Novena di Natale ... VII giorno

 

In tutti questi anni siamo stati abituati ad un’immagine di Francesco non veritiera. Troppo angelico. Troppo disincarnato. Francesco è, invece, un uomo che ha fatto - come tutti - i conti con la propria umanità e le proprie debolezze, lottando spesso contro gli istinti naturali più bassi. C’è un episodio esemplare, a tal proposito, che accadde nel santo eremo di Sarteano, dove una volta, il poverello, fu tentato nella carne; allora si spogliò e si flagellò aspramente con un pezzo di corda, gridando al suo corpo: «Orsù, frate asino, così tu devi sottostare, così subire il flagello». Ma poiché vedeva che la tentazione non se ne andava, nonostante fosse ormai pieno di lividi, «aprì la celletta e, uscito nell’orto, si immerse nudo nella neve alta. Prendendo poi la neve a piene mani la stringe e ne fa sette mucchi a forma di manichini, si colloca poi dinanzi ad essi e comincia a parlare così al corpo: “Ecco, questa più grande è tua moglie; questi quattro, due sono i figli e due le tue figlie; gli altri due sono il servo e la domestica, necessari al servizio. Fa’ presto, occorre vestirli tutti, perché muoiono dal freddo. Se poi questa molteplice preoccupazione ti è di peso, servi con diligenza unicamente al Signore”. All’istante il diavolo confuso si allontanò, ed il Santo ritornò nella sua cella, glorificando Dio» (2Cel 116-117: FF 703). 

Francesco fu un uomo fino in fondo; uno con i piedi per terra. Incarnato.

A persone immature, desiderose di vivere un’eterna fanciullezza libere dalle responsabilità e dagli impegni, la tentazione appare sempre e solo sotto il suo lato più bello e seducente, privo di rischi: una zona franca in cui tutto è permesso, senza alcuna conseguenza. Soltanto quando si smette di fantasticare e ci si decide a crescere superando ogni sindrome di Peter Pan, come ha fatto Frate Francesco, ci si rende conto che c’è una fatica del vivere, dalla quale non ci si può esimere: ogni situazione, anche quella in apparenza facile, ha le sue difficoltà e i suoi rischi, che non possiamo e non dobbiamo nasconderci. Solo se riusciremo ad affrontare le difficoltà e a vivere bene la vocazione alla quale Dio ci ha chiamati, saremo realmente felici. 

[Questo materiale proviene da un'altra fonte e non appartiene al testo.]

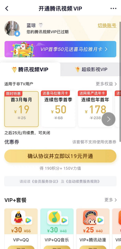 腾讯视频VIP会员月卡使用规则: 1、会员有效期:自兑换成功之日起一个月内。若用户当前腾讯视频VIP会员未结束,兑换后,会员时间将自动延续一个月; 2、同一腾讯视频VIP账号只允许本人在最多5个设备上使用,且同一时间同一账号最多可在2台设备上同时观看; 3、QQ和微信帐号开通的腾讯视频VIP会员是相互独立的(不互通),请在开通的时候注意选择登录的帐号; 4、兑换时需输入正确有效的手机号、QQ号或微信号,因输入错误导致领取失败,不予补赠。一个手机号(即权益中心登录的手机号)最多为两个QQ号进行兑换 5、权益说明: (1)内容特权:院线新片持续更新,独家王者美剧,畅享全球纪录片,热剧提前看,每月赠相关文章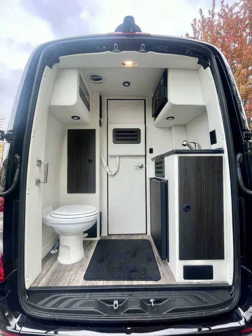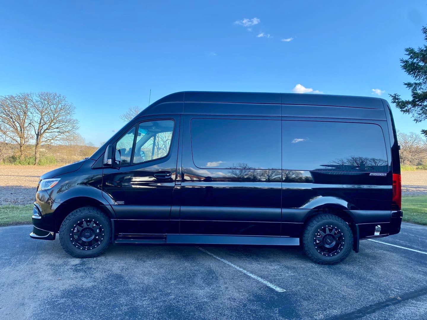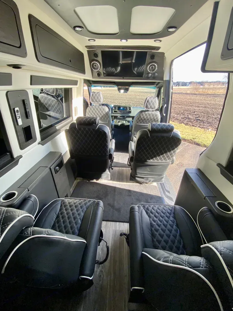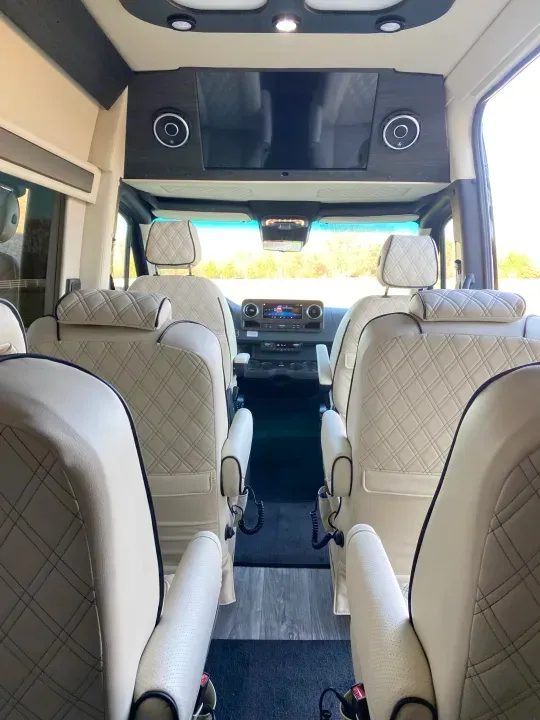 This Sprinter seats 10 of your closest family members or newest friends to carry you on your next journey of creating shared memories together. With 6 plush captain's chairs and 2 bench seats for 4 more travelers, everyone is assured a comfortable ride to wherever you're headed, making the journey just as fun as the destination.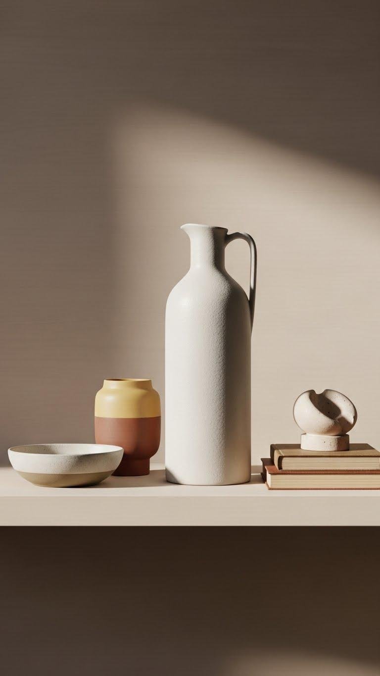 Place a tall jug as an anchoring vertical element and balance it with a few short, tactile objects to create a composed, dynamic grouping. You’ll use height contrast to guide the eye, privileging the jug’s neck focus with a simple silhouette. Arrange low bowls, stacked books, or a small sculpture nearby so each piece breathes, feels intentional, and lets your shelf express effortless freedom.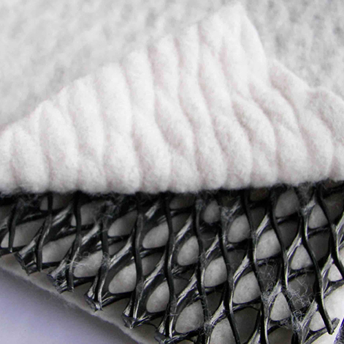 復合排水網是一種新型的排水土工材料。以高密度聚乙烯(HDPE)為原料,經特殊的擠出成型工藝加工而成,具有三層特殊結構。中間筋條剛性大,縱向排列,形成排水通道,上下交叉排列的筋條形成支撐防止土工布嵌入排水通道,即使在很高的荷載下也能保持很高的排水性能。雙面粘接滲水土工布復合使用,具有“反濾--排水--透氣--保護”綜合性能,是目前最理想的排水材料。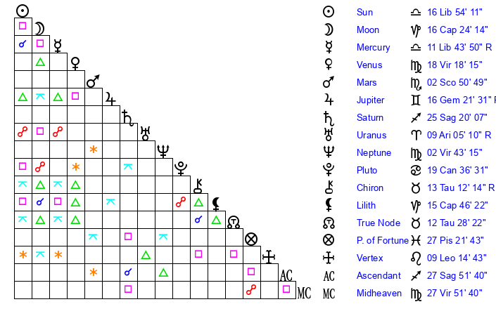 | Sun | 16 Libra 54 | 17 Libra 38 | 23 Capricorn 50 |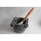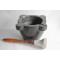Mortier en marbre noir à oreilles et bec verseur diamètre interne : 19 cm avec pilon (longueur : 41 cm / diamètre : 9 cm) d'époque fin XVIIe siècle bon état, usures d'usage, voir photos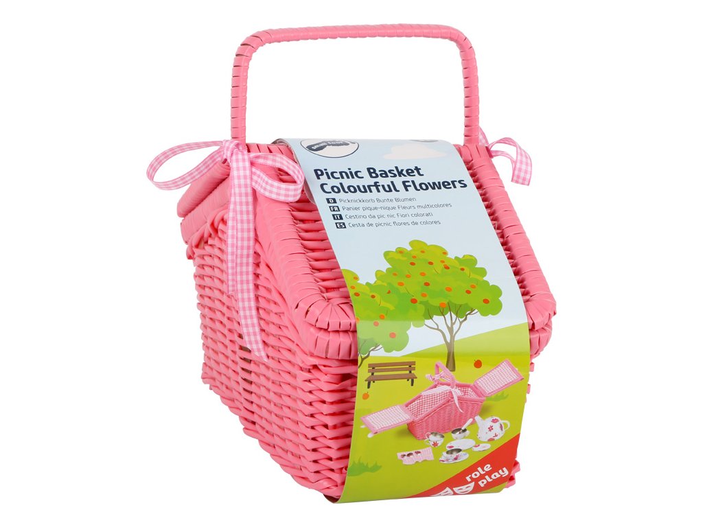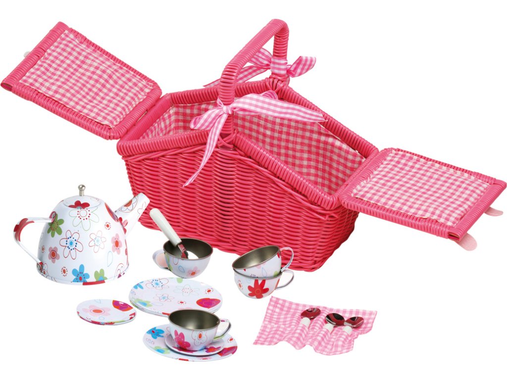 Moderní piknikový koš s designem ve stylu 70. let s kovovým nádobím. Tento koš vyrobený z umělého proutí je dostatečně prostorný pro celou sadu nádobí, ale také i pro malé dobroty, nebo další hračky. Při zalévání šálku čaje nebo kávy do plechového nádobí s květinovými vzory udělá opravdu skvělý dojem. Perfektní společník na výlety s panenkami. Sada má celkem 18 kusů. Hlavní vlastnosti: podporuje rozvoj sociálních dovedností sada 18 kusů

A Dio basta uno, uno solo di noi, e per di più sbandato; uno solo basta per farLo mettere in cammino; uno solo che si perde basta a smuovere le sue «viscere» materne perché ognuno di noi vale il suo sacrificio, il suo sangue. 

Amo questo Dio quasi possessivo; questo Dio "geloso" che non vuole rassegnarsi a perdere; questo Dio a cui il "deserto" non fa paura. 

Un Dio diverso dagli altri, uno che ha compassione - che poi è il coraggio di venirci a cercare ogni qual volta ci perdiamo.

#Stayhuman

 

 

Per meditare:

«Gesù abbandonato l'abbiamo amato specialmente nei peccatori. Egli è il piano inclinato per tutti gli uomini, anche i più miserevoli. Si pensava: essendo stato abbandonato da tutti, ognuno al mondo può dire: è mio, è nostro. E' mio perché nessuno lo vuole: rifiuto del cielo e del mondo. Gesù abbandonato appariva veramente la perla preziosa per tutti gli uomini che in fondo sono tutti peccatori. Egli, fattosi maledizione, peccato1 seppur non peccatore, per tutti noi, era il punto di contatto con chiunque si chiama uomo»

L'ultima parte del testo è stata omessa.